# FINGER JOINT JIG FOR SCHEPPACH TS250 SAWBENCH



## Arnold9801 (28 Sep 2016)

Apols for what may appear to be another post regarding finger joint jigs. However I have a Scheppach ts250 saw bench which does not allow me to have the "wobble" blade thus providing me with an array of thicknesses to my finger joints.

As it stands I can only see that I am restricted in having finger joints that can only be the same width as that of my blade.
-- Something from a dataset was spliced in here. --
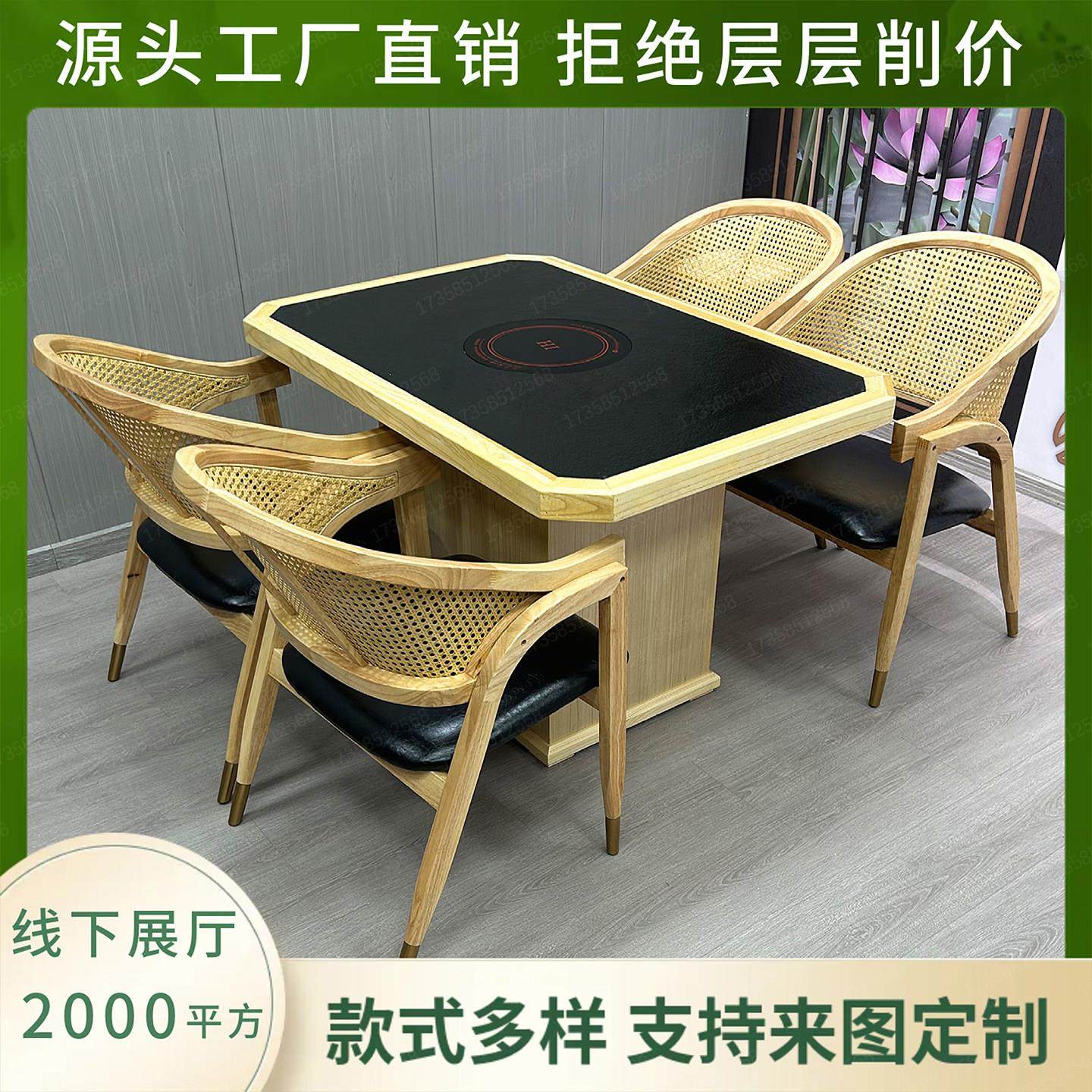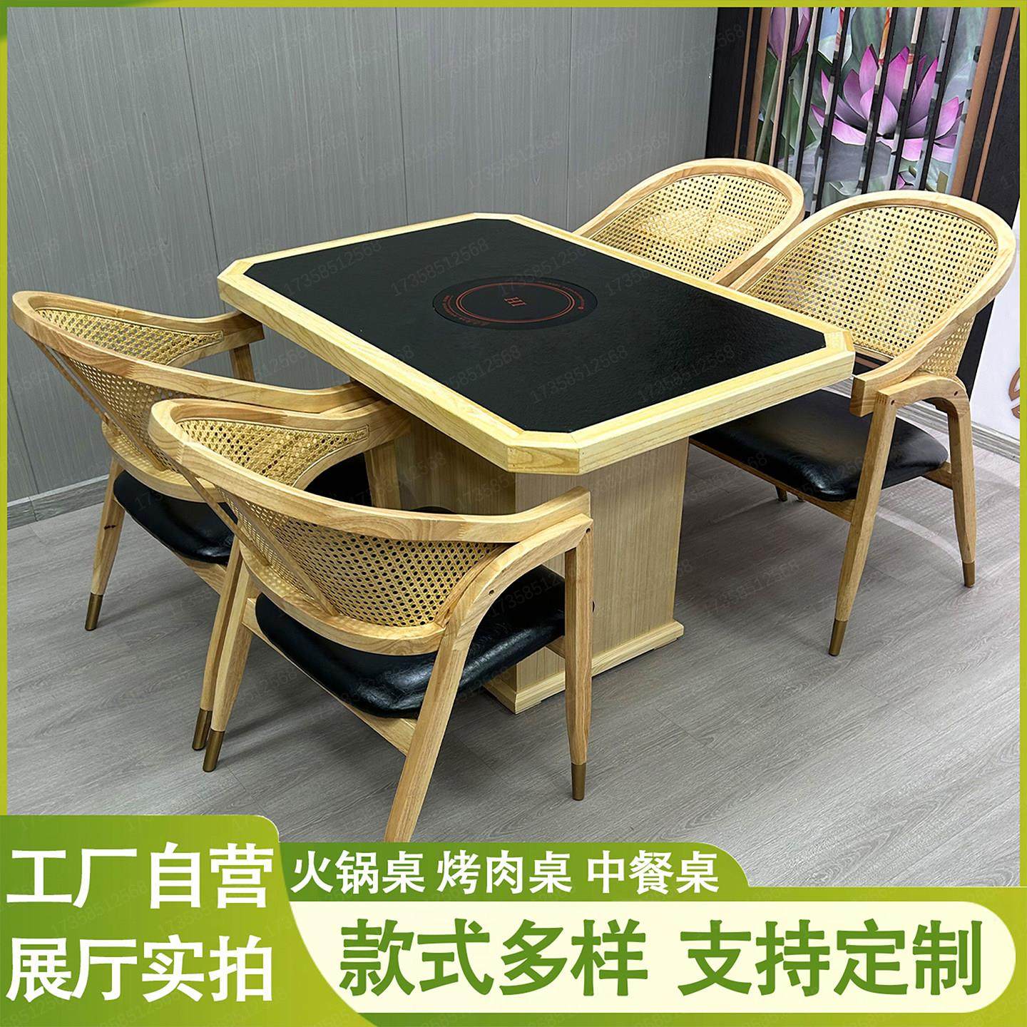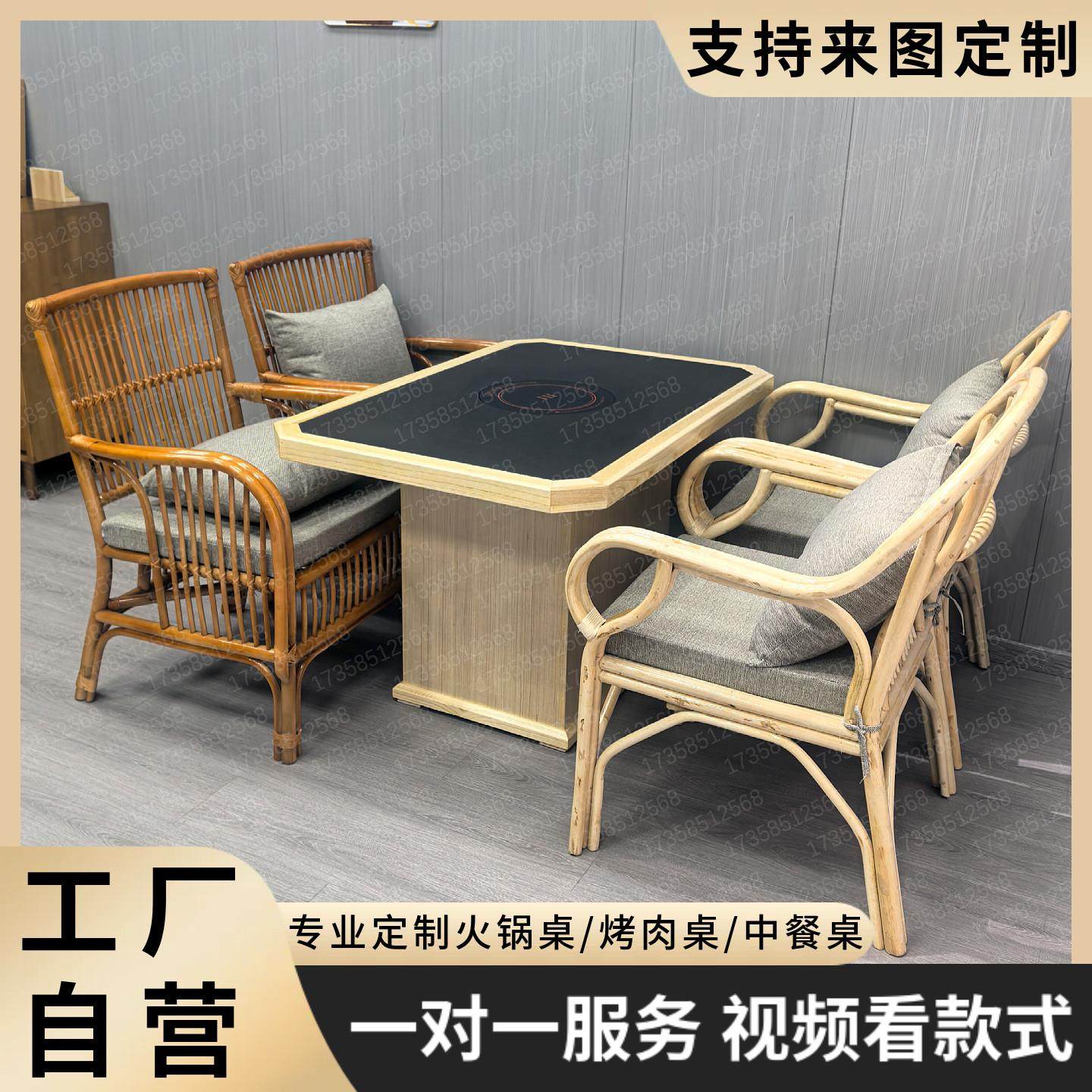 山野风火锅桌烤肉桌三出山火烧石无烟净化涮烧烤桌子桌椅商用定制

My question is, can this be altered enabling me to have flexibility on the width of my fingers despite having this restriction with my saw blade?

Regards

Arnold9801


----------



## graduate_owner (28 Sep 2016)

I have the same saw, mine has an aluminium table. The table does not have a removable blade insert, the blade 'slot' is part of one of the table sections. I can't see how a wobble saw or a dado head could be fitted.
Apart from that I really like the saw.

K


----------



## MattRoberts (28 Sep 2016)

Hi Arnold, 

You're not restricted to finger joints that are the width of your blade (although there's nothing wrong with those - they're still a very strong joint). What you need is a precise way of moving the piece horizontally, so that each finger consists of several cuts of the blade. There are many jigs that do this - I've heard very good things about this one, and plan to build it myself soon http://www.ibuildit.ca/Sales/sales-2.html


----------



## graduate_owner (29 Sep 2016)

With the table arrangement on my Scheppach I can't fit a zero clearance insert either. I think it is a big odd, unless Scheppach sell alternatve table segments. I suspect they wouldn't be cheap though.

K


----------